◆ Work instructions:
Could you write out, exactly as they stand, only the lines in the listing below from the line with "Индийские воины На" to the line with "在河南行的直播中,甲亢哥為學", both ends included, without the pictures?
Input data Block Start
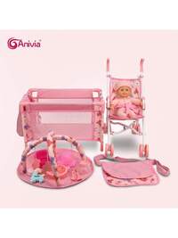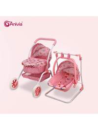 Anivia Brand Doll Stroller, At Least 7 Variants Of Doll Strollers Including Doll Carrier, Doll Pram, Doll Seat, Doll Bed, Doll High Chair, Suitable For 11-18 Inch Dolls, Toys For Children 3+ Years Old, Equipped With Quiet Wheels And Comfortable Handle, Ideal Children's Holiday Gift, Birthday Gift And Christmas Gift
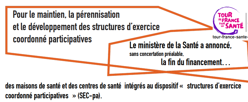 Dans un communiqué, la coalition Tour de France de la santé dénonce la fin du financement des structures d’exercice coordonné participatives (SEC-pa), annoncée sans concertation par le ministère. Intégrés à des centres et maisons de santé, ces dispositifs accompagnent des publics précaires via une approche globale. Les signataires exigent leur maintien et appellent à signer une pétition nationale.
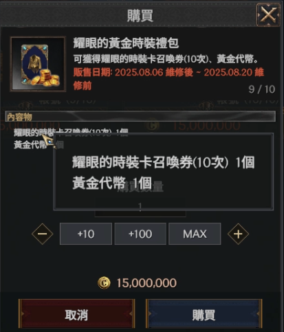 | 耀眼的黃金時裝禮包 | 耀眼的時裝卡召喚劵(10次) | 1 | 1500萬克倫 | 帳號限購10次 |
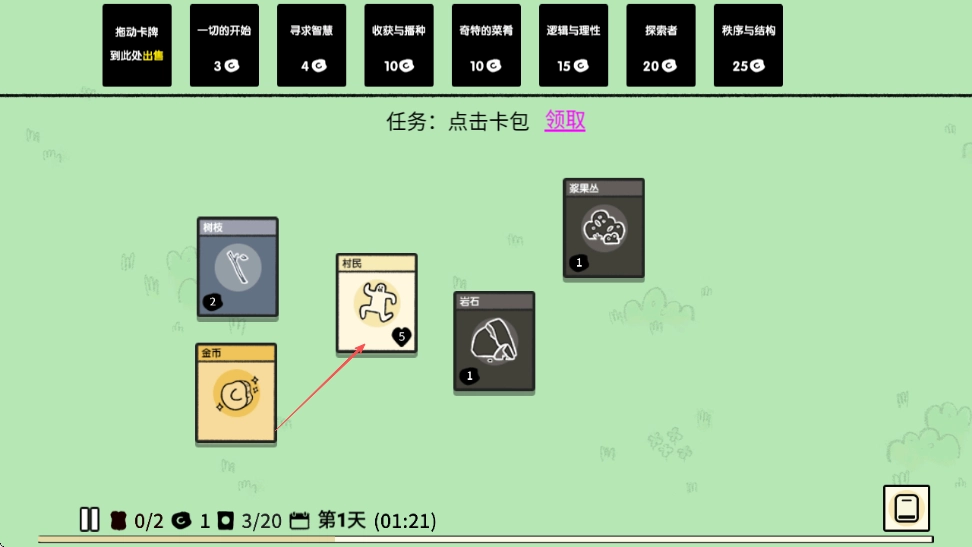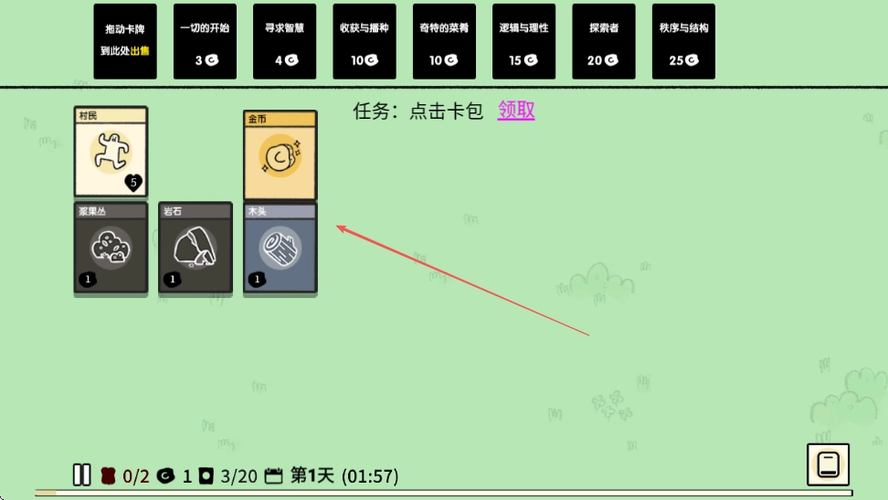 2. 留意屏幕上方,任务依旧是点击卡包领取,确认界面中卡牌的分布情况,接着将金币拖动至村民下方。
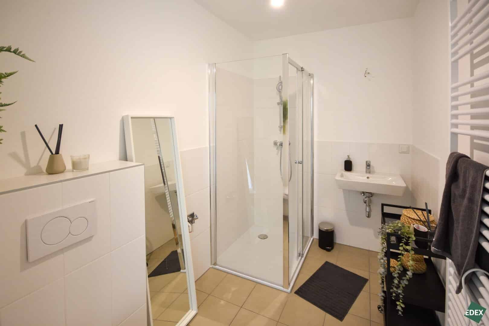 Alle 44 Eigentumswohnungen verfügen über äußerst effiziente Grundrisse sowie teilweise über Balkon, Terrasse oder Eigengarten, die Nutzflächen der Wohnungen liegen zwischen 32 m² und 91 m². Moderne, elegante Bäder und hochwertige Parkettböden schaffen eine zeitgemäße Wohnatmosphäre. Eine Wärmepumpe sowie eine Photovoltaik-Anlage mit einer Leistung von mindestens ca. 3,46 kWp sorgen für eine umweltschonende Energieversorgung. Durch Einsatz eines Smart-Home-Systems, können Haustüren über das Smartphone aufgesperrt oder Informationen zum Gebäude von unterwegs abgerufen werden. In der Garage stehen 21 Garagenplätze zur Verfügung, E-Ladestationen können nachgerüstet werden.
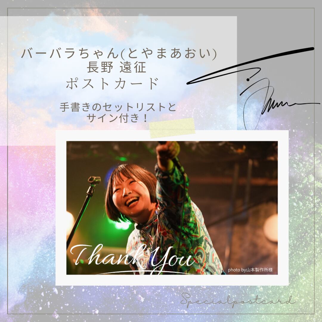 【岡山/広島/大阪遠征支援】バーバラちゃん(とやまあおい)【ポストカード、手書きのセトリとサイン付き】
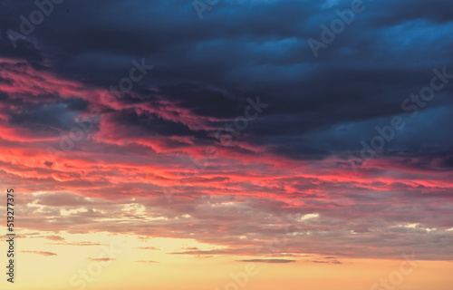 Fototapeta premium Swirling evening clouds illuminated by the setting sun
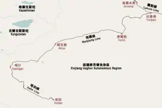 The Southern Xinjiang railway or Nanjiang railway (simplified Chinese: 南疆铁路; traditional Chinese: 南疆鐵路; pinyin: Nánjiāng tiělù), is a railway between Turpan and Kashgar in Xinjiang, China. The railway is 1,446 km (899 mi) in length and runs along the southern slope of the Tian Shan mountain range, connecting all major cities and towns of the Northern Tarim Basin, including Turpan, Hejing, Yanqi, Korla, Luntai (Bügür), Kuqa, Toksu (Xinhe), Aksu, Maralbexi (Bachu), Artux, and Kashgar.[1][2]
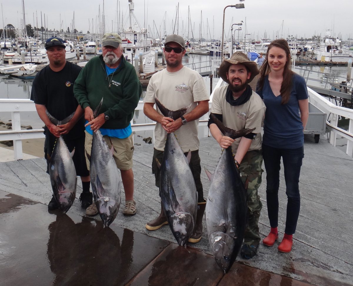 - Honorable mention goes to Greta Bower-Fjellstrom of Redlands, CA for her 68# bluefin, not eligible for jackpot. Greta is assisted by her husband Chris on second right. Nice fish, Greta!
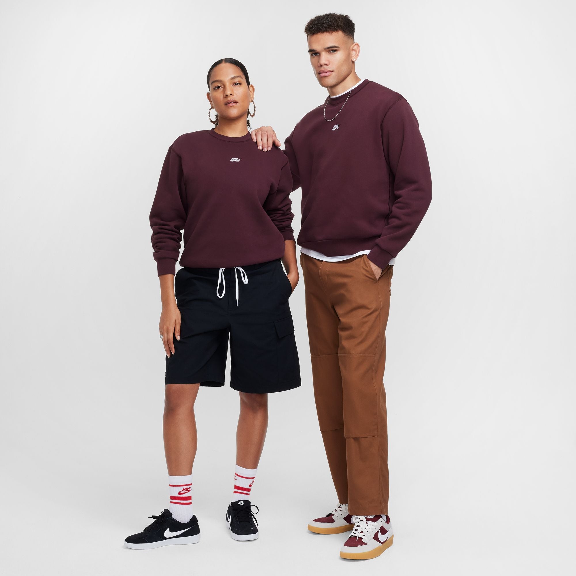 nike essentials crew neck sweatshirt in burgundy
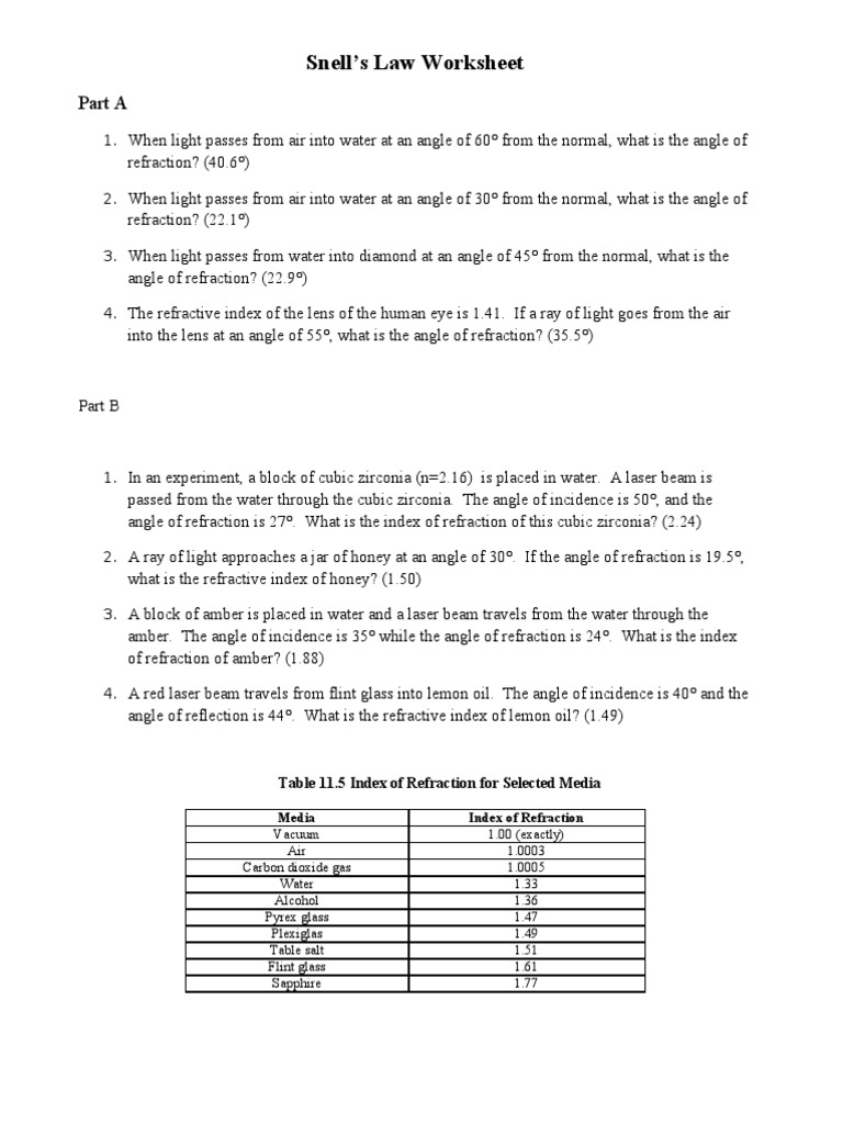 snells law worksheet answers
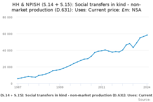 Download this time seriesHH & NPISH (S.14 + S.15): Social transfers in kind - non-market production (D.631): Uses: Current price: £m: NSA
Input data Block End
Input data Block Start
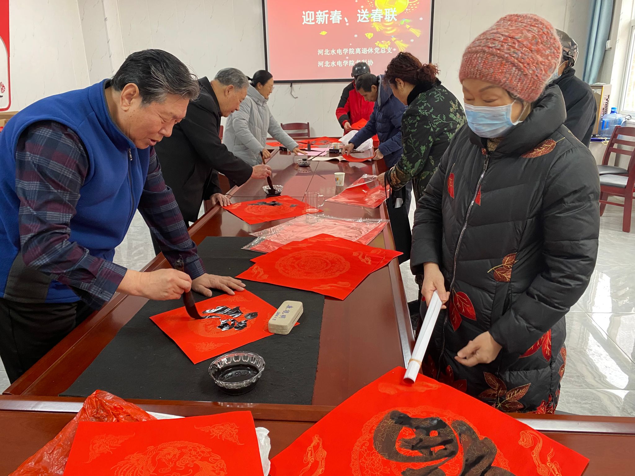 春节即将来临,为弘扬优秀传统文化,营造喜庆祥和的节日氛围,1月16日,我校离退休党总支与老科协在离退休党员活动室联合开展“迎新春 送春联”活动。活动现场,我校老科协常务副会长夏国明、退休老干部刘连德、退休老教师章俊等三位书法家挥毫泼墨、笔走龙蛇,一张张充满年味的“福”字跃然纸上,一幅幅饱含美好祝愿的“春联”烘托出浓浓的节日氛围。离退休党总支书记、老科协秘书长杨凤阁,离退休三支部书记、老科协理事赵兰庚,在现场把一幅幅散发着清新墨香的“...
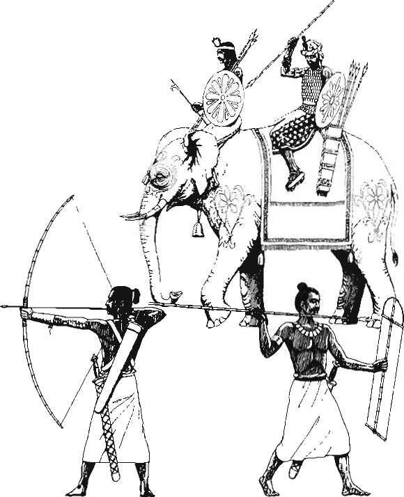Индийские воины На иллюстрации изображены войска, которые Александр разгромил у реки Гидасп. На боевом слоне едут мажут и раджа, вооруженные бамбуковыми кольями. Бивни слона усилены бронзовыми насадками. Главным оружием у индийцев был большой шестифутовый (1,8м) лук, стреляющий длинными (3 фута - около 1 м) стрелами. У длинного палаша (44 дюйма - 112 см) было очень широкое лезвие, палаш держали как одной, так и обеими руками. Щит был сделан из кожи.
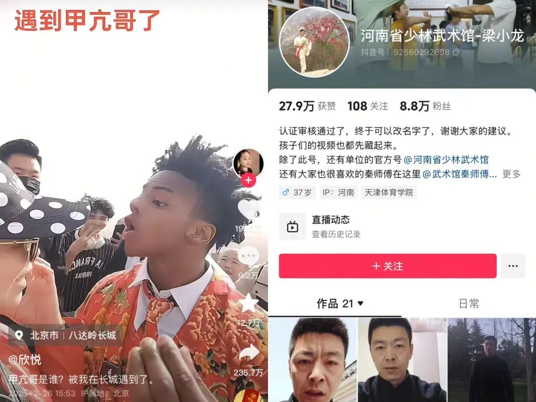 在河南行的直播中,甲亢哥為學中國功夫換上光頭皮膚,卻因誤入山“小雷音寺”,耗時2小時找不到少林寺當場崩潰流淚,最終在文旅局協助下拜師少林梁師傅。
Input data Block End
◆ Solution to this problem:
Индийские воины На иллюстрации изображены войска, которые Александр разгромил у реки Гидасп. На боевом слоне едут мажут и раджа, вооруженные бамбуковыми кольями. Бивни слона усилены бронзовыми насадками. Главным оружием у индийцев был большой шестифутовый (1,8м) лук, стреляющий длинными (3 фута - около 1 м) стрелами. У длинного палаша (44 дюйма - 112 см) было очень широкое лезвие, палаш держали как одной, так и обеими руками. Щит был сделан из кожи.
 在河南行的直播中,甲亢哥為學中國功夫換上光頭皮膚,卻因誤入山“小雷音寺”,耗時2小時找不到少林寺當場崩潰流淚,最終在文旅局協助下拜師少林梁師傅。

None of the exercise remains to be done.